**Exercise data**
---------------
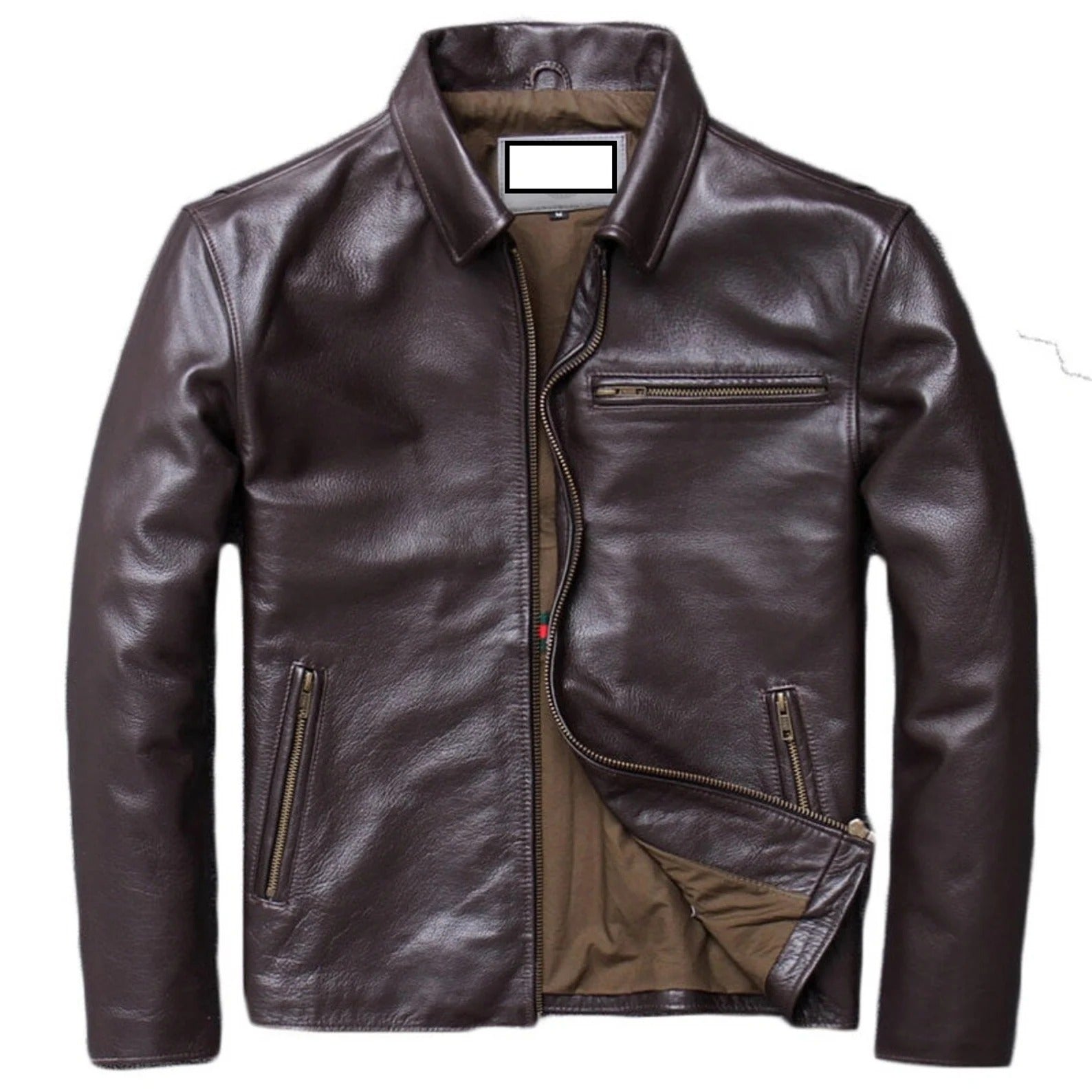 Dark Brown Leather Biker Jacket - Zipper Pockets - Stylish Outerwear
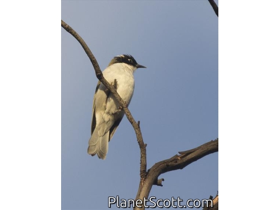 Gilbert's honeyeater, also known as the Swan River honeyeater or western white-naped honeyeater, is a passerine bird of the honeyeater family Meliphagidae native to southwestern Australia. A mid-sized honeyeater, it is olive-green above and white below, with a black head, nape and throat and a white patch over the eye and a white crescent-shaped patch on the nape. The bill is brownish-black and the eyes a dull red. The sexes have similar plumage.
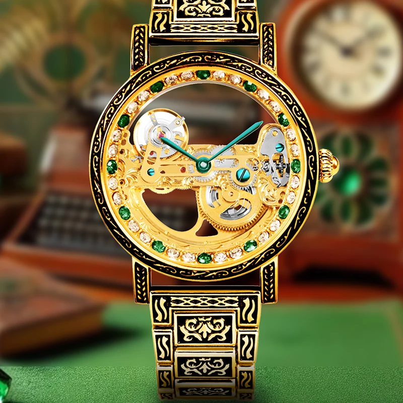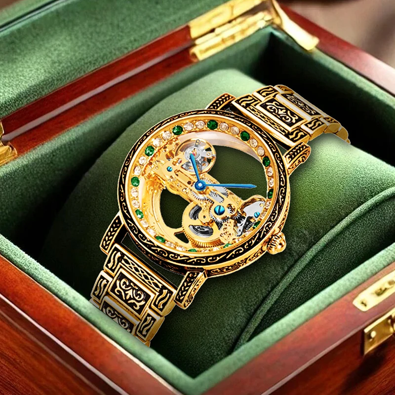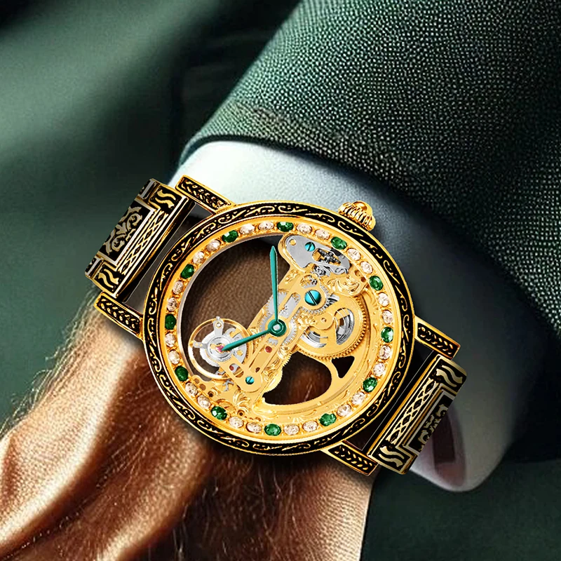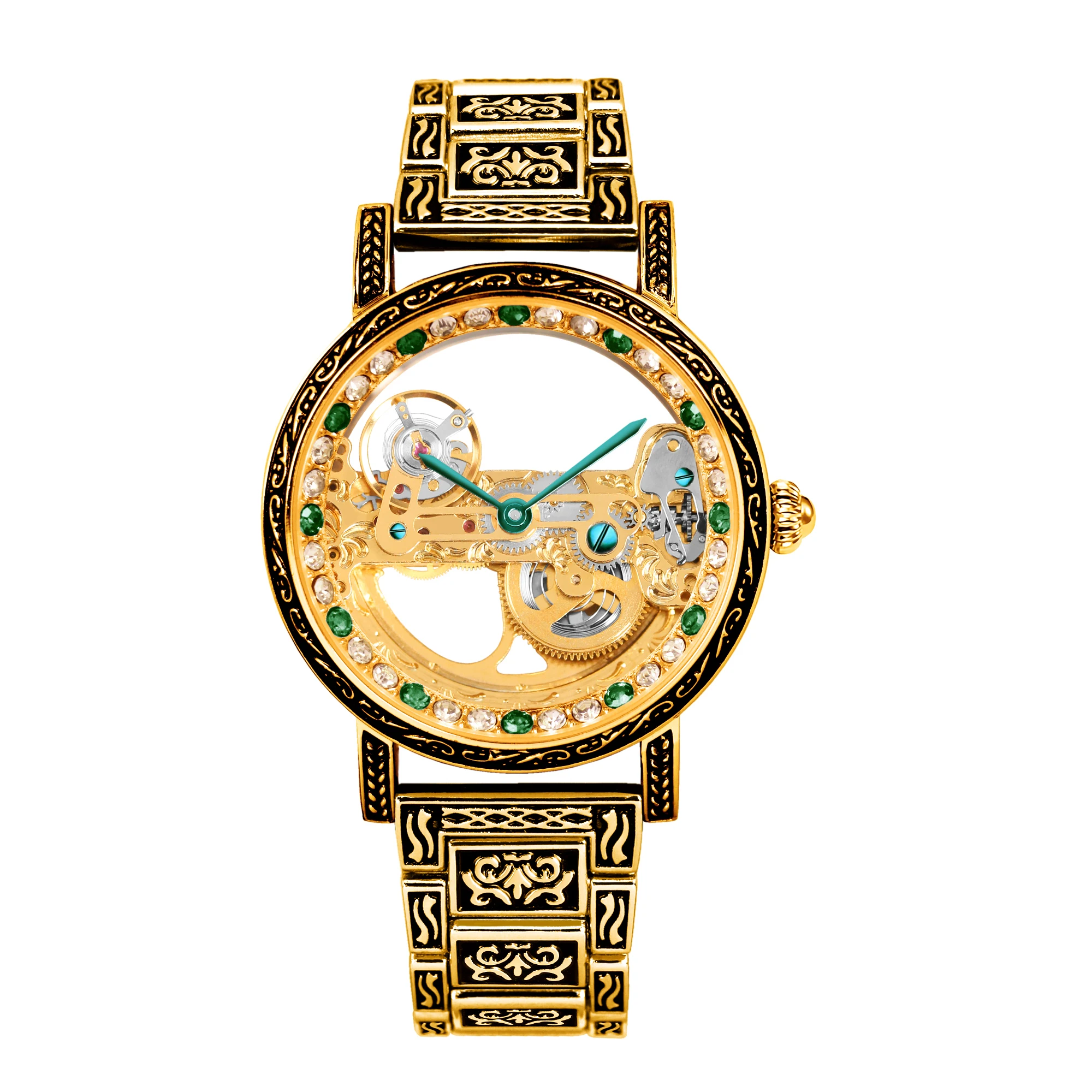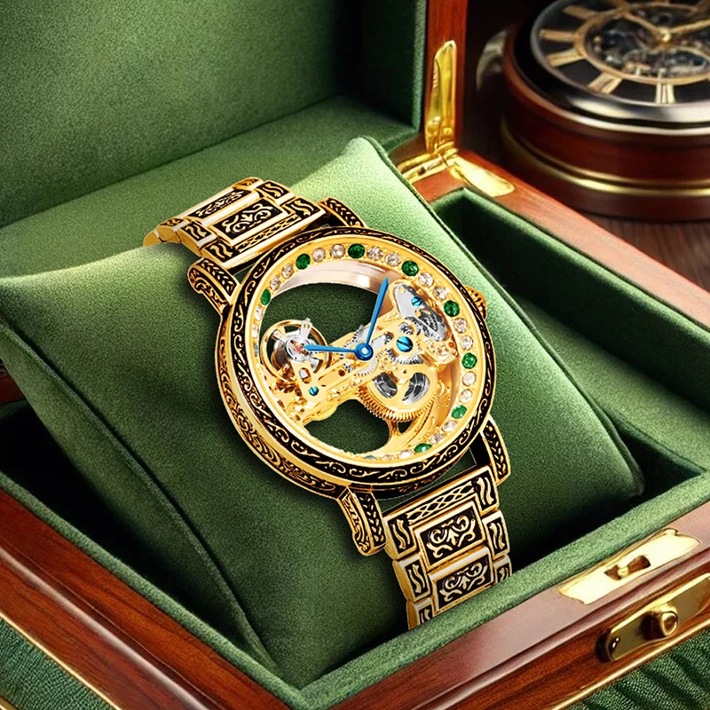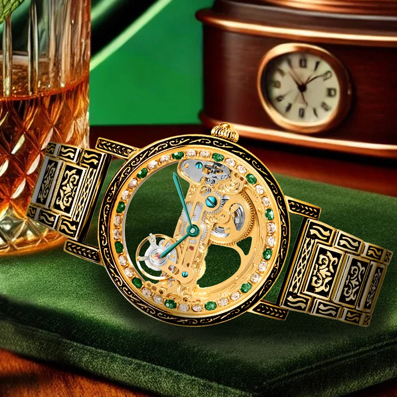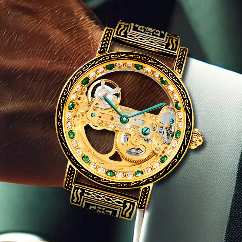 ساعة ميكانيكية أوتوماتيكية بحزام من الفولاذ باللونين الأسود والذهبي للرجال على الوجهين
---------------
**Try it**
Please give back the data above word for word, with no pictures included.

**Your response**
 Dark Brown Leather Biker Jacket - Zipper Pockets - Stylish Outerwear
 Gilbert's honeyeater, also known as the Swan River honeyeater or western white-naped honeyeater, is a passerine bird of the honeyeater family Meliphagidae native to southwestern Australia. A mid-sized honeyeater, it is olive-green above and white below, with a black head, nape and throat and a white patch over the eye and a white crescent-shaped patch on the nape. The bill is brownish-black and the eyes a dull red. The sexes have similar plumage.
 ساعة ميكانيكية أوتوماتيكية بحزام من الفولاذ باللونين الأسود والذهبي للرجال على الوجهين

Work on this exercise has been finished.